The law allows fantasy competitions conducted by internet, smart phone app or any other electronics, digital media, communication technology or device. All prizes must be established and made known to participants in advance. No kiosks or other machines may offer fantasy competitions in a public place.
An operator of fantasy competitions must register with the State Lottery and Gaming Control Commission (“Commission”). The registration is good for one year and must be renewed annually. An operator who participates in the competition and receives no compensation for organizing it is exempt from the registration requirements.
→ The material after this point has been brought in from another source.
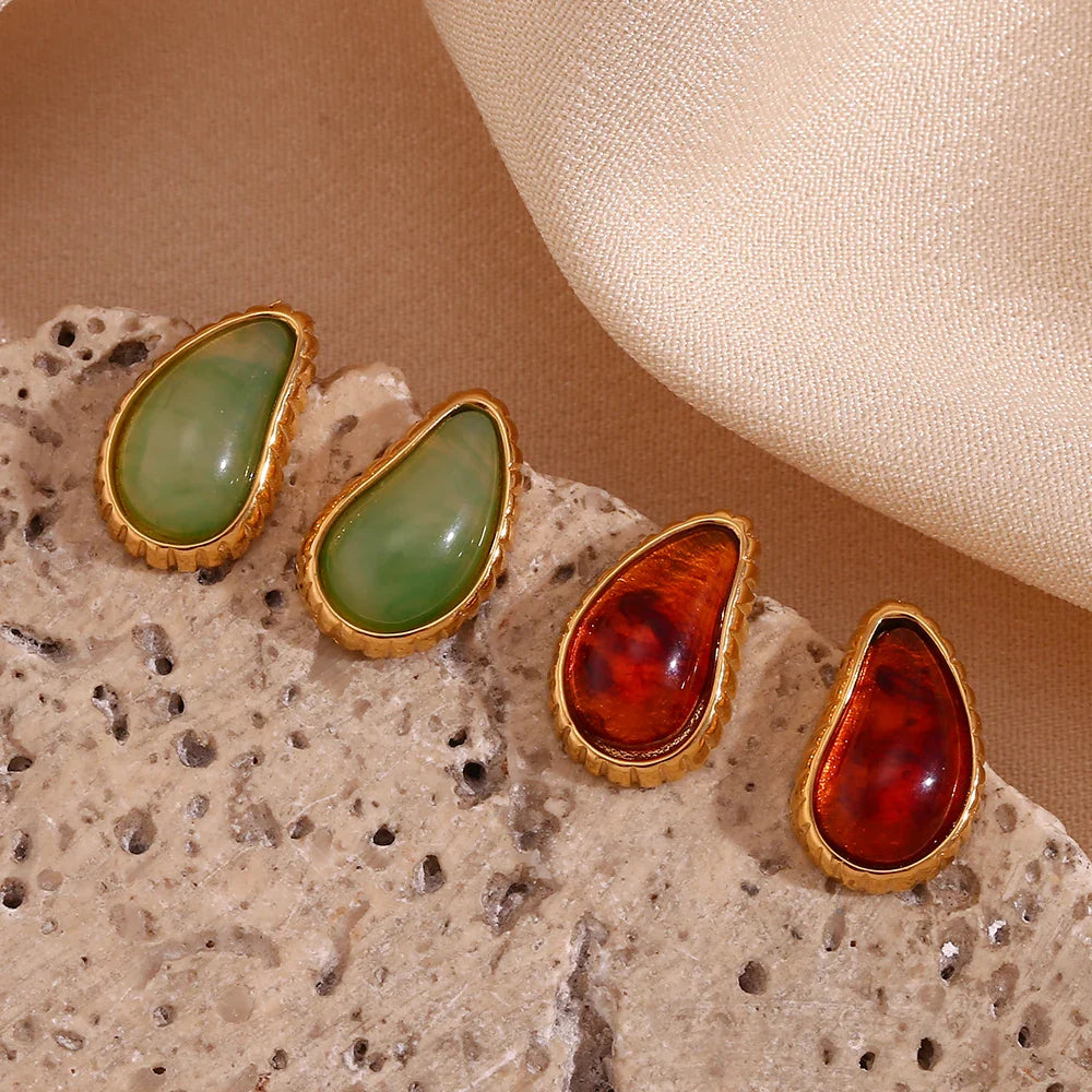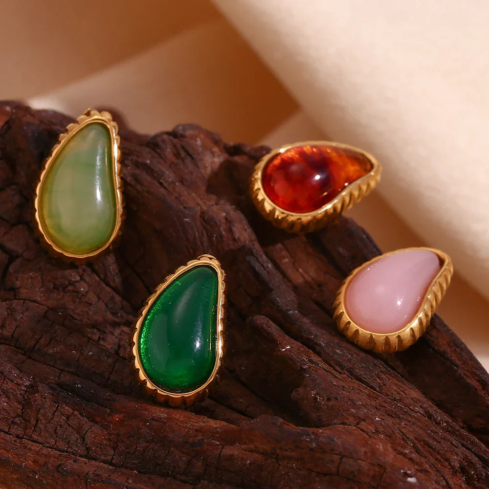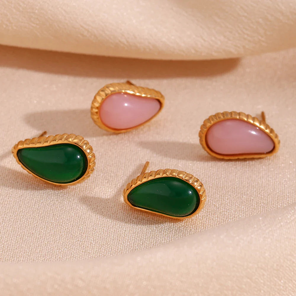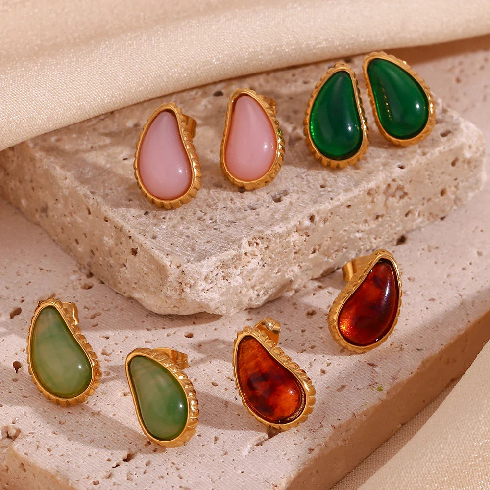 Brincos Gota de Água com Zircônia em Aço Inoxidável
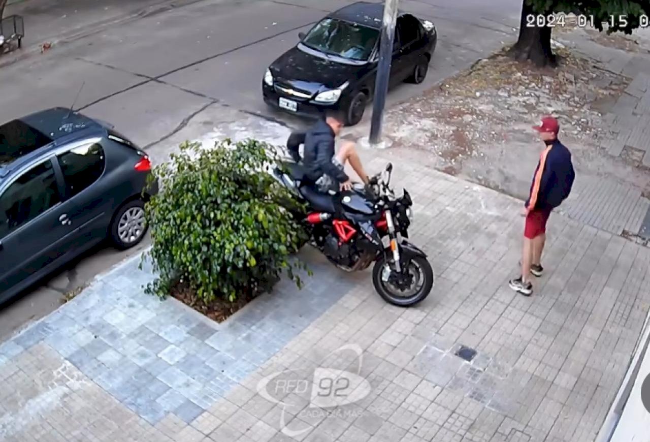 Los sujetos circulaban por 35 entre 10 y 11 cuando vieron la moto estacionada en la vereda y no dudaron en llevársela.

Use of the term “register” rather than “license,” in gaming parlance, typically means a lower level of scrutiny in suitability investigations, but we will not know the requirements until the Commission promulgates regulations or releases an application form. The same is true for the dollar amount of registration and annual renewal fees, which the statute leaves to the discretion of the Commission.

Registered fantasy operators will retain 85% of Proceeds, which is defined as the total entry fees collected multiplied by the percentage of those entry fees paid by players within Maryland. The remaining 15% of Proceeds goes to the Blueprint for Maryland’s Future Fund, which is established under the state’s education statute.

Please check back for updates when the Commission establishes regulations, releases application forms, or otherwise provides guidance for the other new games permitted by HB 940.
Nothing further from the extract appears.